We call her Manang Bhebang or sometimes "Babes." But her real name is Genoveva and she has no idea she's in any of my blogs...

In fact, she probably has no idea what a blog is, nor could she probably imagine the concept of the internet except that she sees me clicking away on my Lenovo when Promise is alseep.

How do I describe her?

She has short curly hair pulled away from her face by a bright red head band which came with her all the way from Dumanggas, Iloilo, her hometown. She's round and robust, and brimming with
(forgive the term) probinsiyana-ness. She reminds me of Earth and the dark, ripe, richness of its bossom. We bought a sofa-bed, but she insists on sleeping on a flattened out cardboard box within which arrived our new fridge. I offered to at least buy her a proper sleeping mat, but she frowned at the idea as though I just offered to purchase her eternal slumber. She has big eyes, the whites of which are a startling contrast to her dark chocolate skin, and sometimes she walks with a limp, which magically disappears every time I suggest a trip to the radiologist or at least the local physician at the baranggay health center. The same is true with her headaches and other bodily ailments. She has long ago attuned herself to mine and Tope's personal needs and routines that I could not complain about her quirks. She has a lot, I presume, because under the trained eye and scrutiny of Tope's Mom and Titas, she has many faults. I don't know if that is simply a reflection of my upbringing in a house dominated by authoritarian domestic managers, or if it stems only from my passive acceptance of the fact that I'm just not in any position to teach anyone about housekeeping, so who am i to meddle in the affairs of the experts in their fields?

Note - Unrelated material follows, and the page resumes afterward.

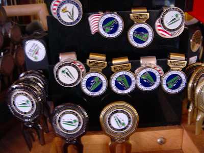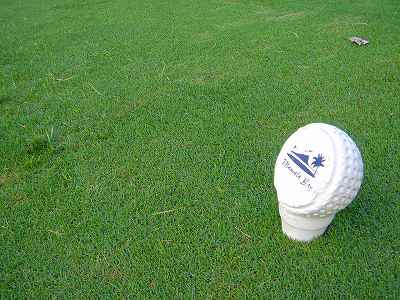 巨大なゴルフボールの半球状のヤツに、ロゴマークがついています。

Anyway, Manang Bhebang is currently nagging me about an herb I need to buy from a Negrito I need to look for. The Ati, is an ethnic culure that eludes me. Sometimes I pity them for having to live off of other people's generosity. Sometimes I'm amazed by their culture as full and as rich as Manang Bhebang's...uhmm... great beyond (hahaha!) And Manang Bhebang wants me to buy this herb that only the Negritos sell. According to her, I'm currently in a state of "Bughat" (because I sneeze every morning and feel tired during the day) and the only remedy is this herb that must be burned and I must inhale the fumes or something like that. I have allergic rhinitis like my father before me and the season has just changed, hence the morning snuffles. And Promise, as previously mentioned, is like a little owl: big, bright eyes that come with a very nocturnal nature. Hence, the daytime sleepiness...

But no.

It's the Bughat says Manang Bhebang. And I can't complain.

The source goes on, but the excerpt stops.